During first 18 month of the project we have successfully undertaken the studies of dynamical properties of long-range interacting nanoparticle systems and the results of joint studies have been in the international Journal (J. Phys. A: Math. Theor, v. 50, 12LT02. https://doi.org/10.1088/1751-8121/aa5fcf). In particular, we have investigated how one dimensional model works in order to generalize the results for the much more complicated three dimensional spin system. We have examined the existence and propagation of solitons in a long-range extension of the quartic Fermi–Pasta–Ulam (FPU) chain of anharmonic oscillators where the coupling in the linear term decays as a power-law. We have obtained an analytic perturbative expression of traveling envelope solitons by introducing a non linear Schrödinger equation for the slowly varying amplitude of short wavelength modes. Due to the non analytic properties of the dispersion relation, it is crucial to develop the theory using discrete difference operators. Those properties are also the ultimate reason why kink-solitons may exist but are unstable, at variance with the short-range FPU model. We have successfully compared these approximate analytic results with numerical simulations.

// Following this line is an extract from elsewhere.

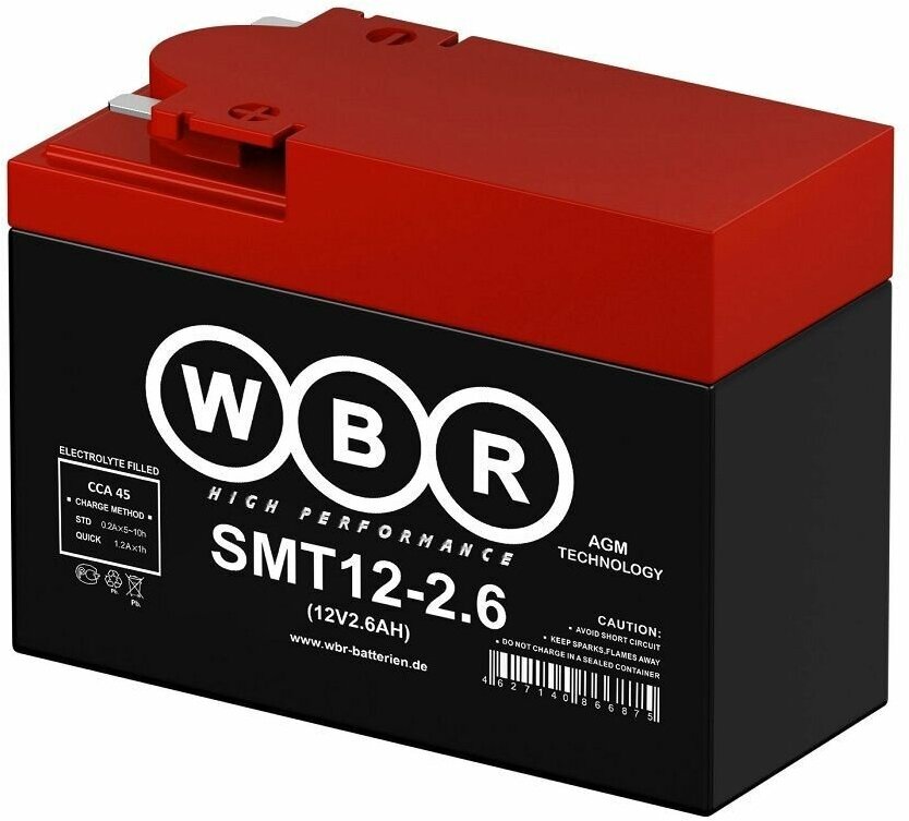 10 цен на Мото аккумулятор стартерный WBR MT12-2.6 12В 2,6Ач (12V 2.6Ah) полярность боковая 45A (YTX4A-BS, CT 12026) AGM аккумулятор для мотоцикла, скутера, мопеда, гидроцикла, квадроцикла, SMT12-2.6

Next we proceed with thermodynamic properties of long-range nanoparticle systems. For this purpose we have performed numerical simulations on three dimensional spin system forming simple cubic lattice and coupled by dipolar forces. We have examined both canonical (system coupled with thermal bath) and microcanonical (isolated system) ensembles and plotted caloric curve. First preliminary results display ensemble inequivalence and existence of temperature jumps and negative specific heat in microcanonical case. It should be especially emphasized that negative specific heat has not been observed up to now in laboratory systems and now we are working to choose specific parameters for the experimental suggestions for observing this exotic effect.